Dziwne byłoby oczekiwanie czegoś niestandardowego po debiucie łóżkowym firma produkująca szezlongi o zarysie ludzkiego ciała. Albo produkuje "bez końca" sofy, których części są połączone za pomocą zamka błyskawicznego.
Dlatego jest całkiem naturalne, że de Sede zaproponował zaskakująco "pływające" łóżko Wezgłowie: swobodnie porusza się po całej powierzchni spania. Dwie połówki wezgłowia mogą być przesuwane razem lub osobno, dzięki czemu łóżko może być używane jako łóżko dzienne. DS 1165 de Sede jest całkowicie wyściełany i nie posiada żadnych ostrych, otwartych rogów, w które można by się uderzyć we śnie.
Czy „leżący” oznacza coś, co znajduje się na czymś w pozycji leżącej, czy coś, co zostaje w tej pozycji w sposób niezależny? Proszę o wyjaśnienie.
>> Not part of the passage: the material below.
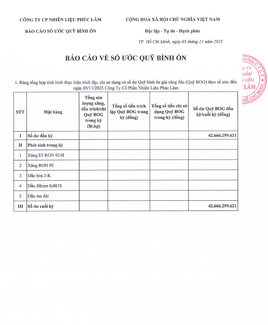 Công ty Cổ Phần Nguyên Liệu Phúc Lâm xin báo cáo Quỹ bình ổn giá xăng dầu Tuần 30.10.2025 - 05.11.2025 là: 42.666.299.621 vnđ

Słowo „leżący” oznacza coś, co znajduje się na czymś w pozycji leżącej. Nie jest to jednak wyłącznie określenie pozycji, ale także opisuje relację między tym, co jest w pozycji leżącej, a tym, na czym to się znajduje. Może to być przedmiot leżący na stole, osoba leżąca na łóżku lub książka leżąca na poduszce. Istotne jest, żeby to, co jest „leżące”, nie było w stanie utrzymać tej pozycji samodzielnie i wymagało podparcia lub oparcia.